In textbook "Introduction to Algorithms" by Cormen, Leiserson, Rivest and Stein. in pp.1110-1111, they argue that the vertex-cover problem is a 2-approximation algorithm and it is lower bound so we cannot improve better than 2. However, there is an old paper by Johan Hastad here he shows that by using PCP technique we cannot do better than 7/6=1.16 which is an NP-complete. So, we have a gap between 2 and 7/6 which tells us that whether we have a better approximation algorithm is still open problem. Is that right?! or suppose that Hastad is wrong, then there must be a new analysis about the hardness of vector cover in terms of approximation algorithm.

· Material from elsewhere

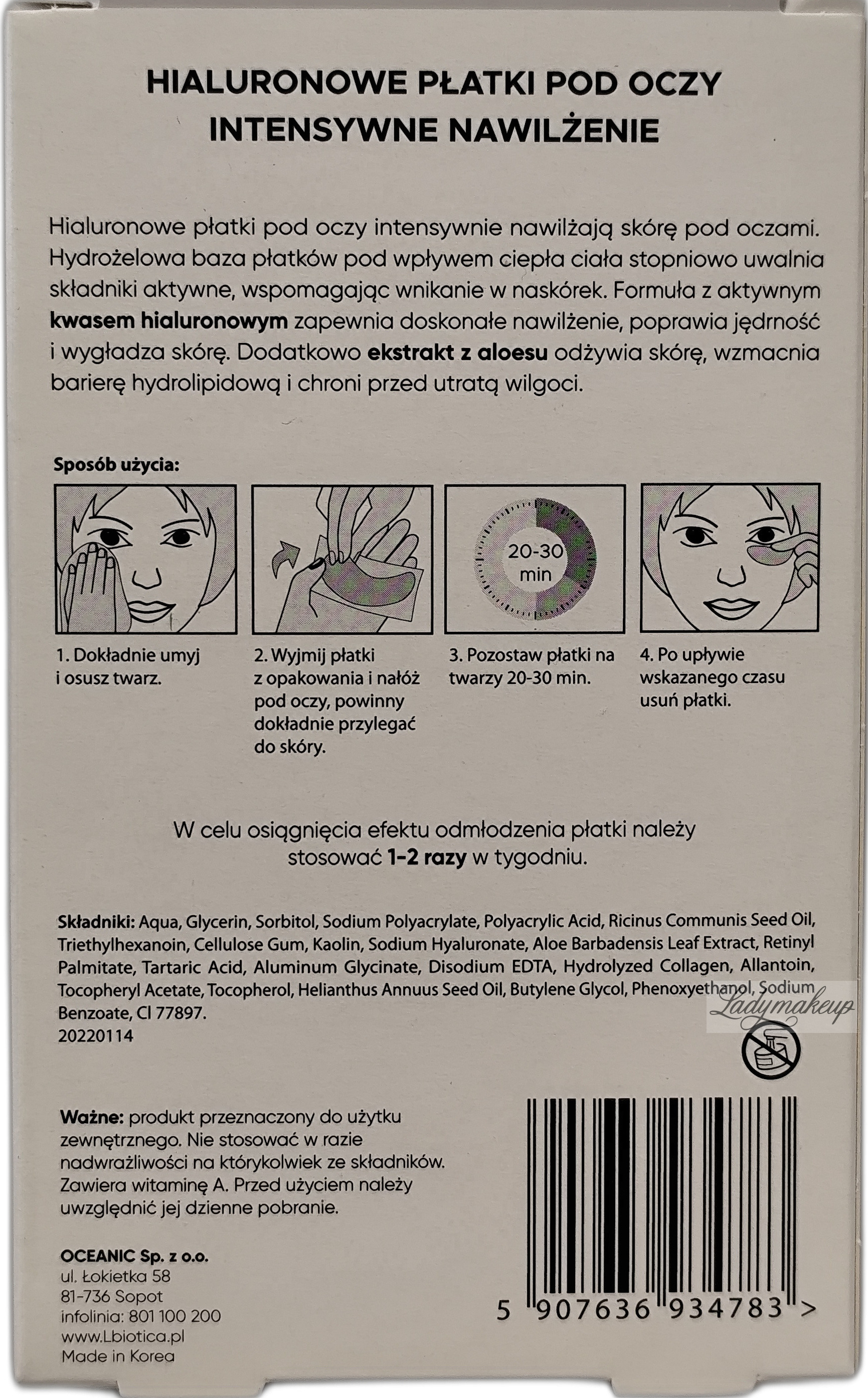 They have a hydrogel form filled to the brim with beneficial ingredients, such as hyaluronic acid, castor oil and aloe. Combined with the heat of the human body, they gradually release active ingredients and allow them to penetrate more efficiently into the epidermis. They intensively moisturize, deeply nourish and improve the skin's tension and elasticity. Additionally, it helps reduce swelling and all other signs of fatigue. The set includes three pairs of petals, i.e. 3 x 2 pieces.

*As I understand who argues that we cannot do better than the approximation ratio which is 2, the reason is that to give tight example (nontrivial example) which is a complete bipartite graph (K_{n,n}) and since the algorithm choose n number of edges, therefore we have 2n number of vertices, and the vertex cover is only n in this case. Their claim is that if you find 2(n-1) edges, then you have n-1 vertices, and there is a contradiction since we are not covering all vertices which is n. (this is how I understand it so it could be wrong) (Of course there is no polynomial algorithm to find n vertices, and the best approximation algorithm is to find 2n in polynomial time, and they say that it is tight bound) I also read this lecture notes
Also, Is there any new results about the hardness of vertex cover in terms of approximation.